==== PROVIDED RECORDS ====

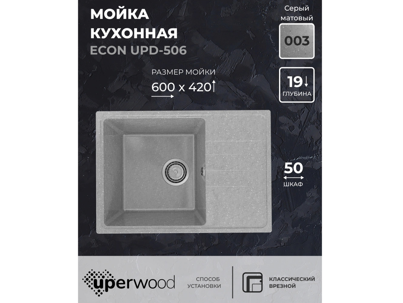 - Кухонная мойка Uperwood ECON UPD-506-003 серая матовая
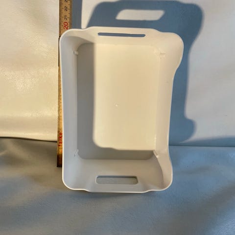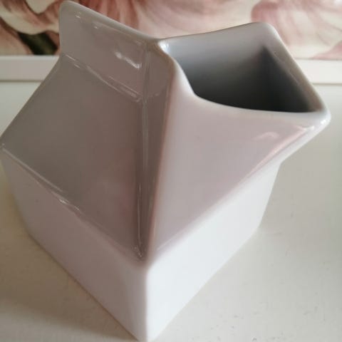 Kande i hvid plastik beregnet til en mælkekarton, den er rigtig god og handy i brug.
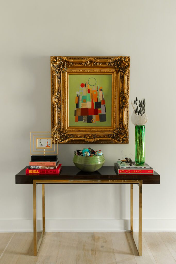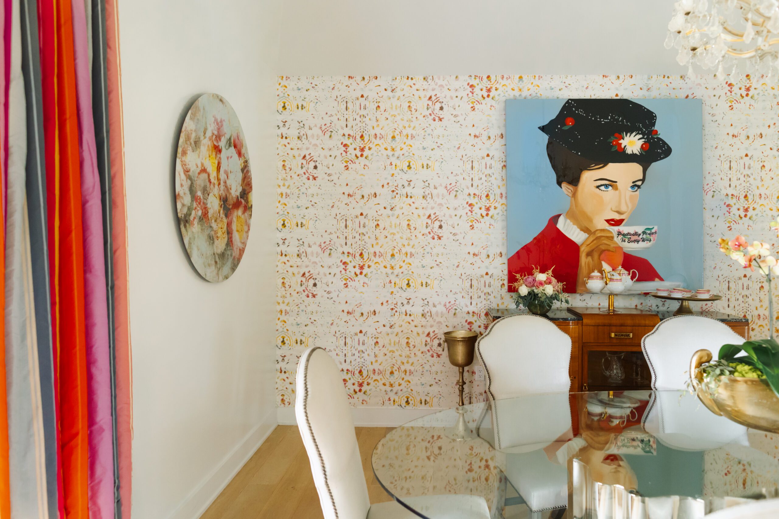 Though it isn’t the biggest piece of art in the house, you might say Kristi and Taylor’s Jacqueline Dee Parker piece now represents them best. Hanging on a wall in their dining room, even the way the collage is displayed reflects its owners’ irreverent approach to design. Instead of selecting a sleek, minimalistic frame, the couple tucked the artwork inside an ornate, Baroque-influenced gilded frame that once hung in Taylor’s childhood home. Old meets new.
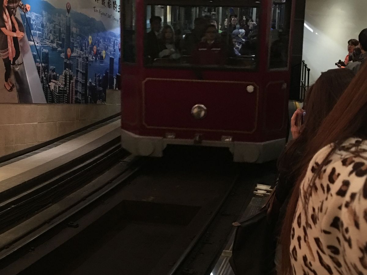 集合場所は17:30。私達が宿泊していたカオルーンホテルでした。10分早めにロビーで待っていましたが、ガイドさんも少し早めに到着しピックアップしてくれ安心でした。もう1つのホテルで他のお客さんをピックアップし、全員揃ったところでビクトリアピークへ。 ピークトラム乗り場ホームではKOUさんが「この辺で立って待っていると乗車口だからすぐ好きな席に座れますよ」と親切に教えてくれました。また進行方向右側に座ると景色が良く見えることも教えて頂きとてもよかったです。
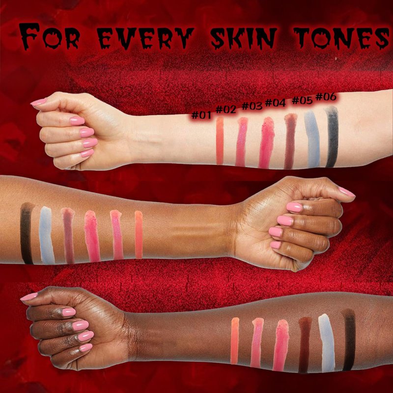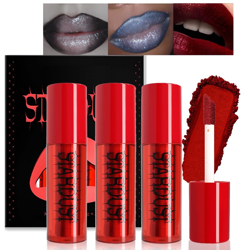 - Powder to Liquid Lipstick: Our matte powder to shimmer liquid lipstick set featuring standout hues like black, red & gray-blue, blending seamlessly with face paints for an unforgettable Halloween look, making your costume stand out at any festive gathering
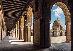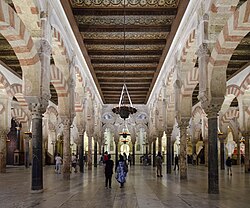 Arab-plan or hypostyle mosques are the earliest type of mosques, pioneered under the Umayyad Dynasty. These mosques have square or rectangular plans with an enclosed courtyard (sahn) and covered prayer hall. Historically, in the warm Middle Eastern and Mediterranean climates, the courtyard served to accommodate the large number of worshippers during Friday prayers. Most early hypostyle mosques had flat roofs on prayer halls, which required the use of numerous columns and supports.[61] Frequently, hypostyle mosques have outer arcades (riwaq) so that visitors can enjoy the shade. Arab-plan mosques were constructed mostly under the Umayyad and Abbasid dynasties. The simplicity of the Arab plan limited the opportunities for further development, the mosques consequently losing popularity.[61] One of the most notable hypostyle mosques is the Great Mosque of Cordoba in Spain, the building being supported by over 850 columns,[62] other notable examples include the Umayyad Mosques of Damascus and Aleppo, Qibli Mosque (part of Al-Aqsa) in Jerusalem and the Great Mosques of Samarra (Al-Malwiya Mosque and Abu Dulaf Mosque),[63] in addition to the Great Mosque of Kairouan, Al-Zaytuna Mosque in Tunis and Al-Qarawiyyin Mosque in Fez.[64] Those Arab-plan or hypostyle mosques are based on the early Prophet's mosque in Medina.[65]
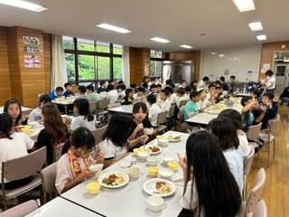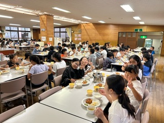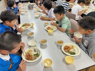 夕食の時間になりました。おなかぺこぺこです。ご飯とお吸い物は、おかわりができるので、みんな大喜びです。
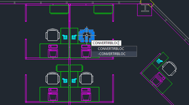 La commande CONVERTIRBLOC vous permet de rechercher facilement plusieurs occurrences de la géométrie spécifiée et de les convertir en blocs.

====

> [PROBLEM]: Without the pictures, repeat the listing exactly as it reads.

> [RESULT OF THE EXERCISE]:
 - Кухонная мойка Uperwood ECON UPD-506-003 серая матовая
 Kande i hvid plastik beregnet til en mælkekarton, den er rigtig god og handy i brug.
 Though it isn’t the biggest piece of art in the house, you might say Kristi and Taylor’s Jacqueline Dee Parker piece now represents them best. Hanging on a wall in their dining room, even the way the collage is displayed reflects its owners’ irreverent approach to design. Instead of selecting a sleek, minimalistic frame, the couple tucked the artwork inside an ornate, Baroque-influenced gilded frame that once hung in Taylor’s childhood home. Old meets new.
 集合場所は17:30。私達が宿泊していたカオルーンホテルでした。10分早めにロビーで待っていましたが、ガイドさんも少し早めに到着しピックアップしてくれ安心でした。もう1つのホテルで他のお客さんをピックアップし、全員揃ったところでビクトリアピークへ。 ピークトラム乗り場ホームではKOUさんが「この辺で立って待っていると乗車口だからすぐ好きな席に座れますよ」と親切に教えてくれました。また進行方向右側に座ると景色が良く見えることも教えて頂きとてもよかったです。
 - Powder to Liquid Lipstick: Our matte powder to shimmer liquid lipstick set featuring standout hues like black, red & gray-blue, blending seamlessly with face paints for an unforgettable Halloween look, making your costume stand out at any festive gathering
 Arab-plan or hypostyle mosques are the earliest type of mosques, pioneered under the Umayyad Dynasty. These mosques have square or rectangular plans with an enclosed courtyard (sahn) and covered prayer hall. Historically, in the warm Middle Eastern and Mediterranean climates, the courtyard served to accommodate the large number of worshippers during Friday prayers. Most early hypostyle mosques had flat roofs on prayer halls, which required the use of numerous columns and supports.[61] Frequently, hypostyle mosques have outer arcades (riwaq) so that visitors can enjoy the shade. Arab-plan mosques were constructed mostly under the Umayyad and Abbasid dynasties. The simplicity of the Arab plan limited the opportunities for further development, the mosques consequently losing popularity.[61] One of the most notable hypostyle mosques is the Great Mosque of Cordoba in Spain, the building being supported by over 850 columns,[62] other notable examples include the Umayyad Mosques of Damascus and Aleppo, Qibli Mosque (part of Al-Aqsa) in Jerusalem and the Great Mosques of Samarra (Al-Malwiya Mosque and Abu Dulaf Mosque),[63] in addition to the Great Mosque of Kairouan, Al-Zaytuna Mosque in Tunis and Al-Qarawiyyin Mosque in Fez.[64] Those Arab-plan or hypostyle mosques are based on the early Prophet's mosque in Medina.[65]
 夕食の時間になりました。おなかぺこぺこです。ご飯とお吸い物は、おかわりができるので、みんな大喜びです。
 La commande CONVERTIRBLOC vous permet de rechercher facilement plusieurs occurrences de la géométrie spécifiée et de les convertir en blocs.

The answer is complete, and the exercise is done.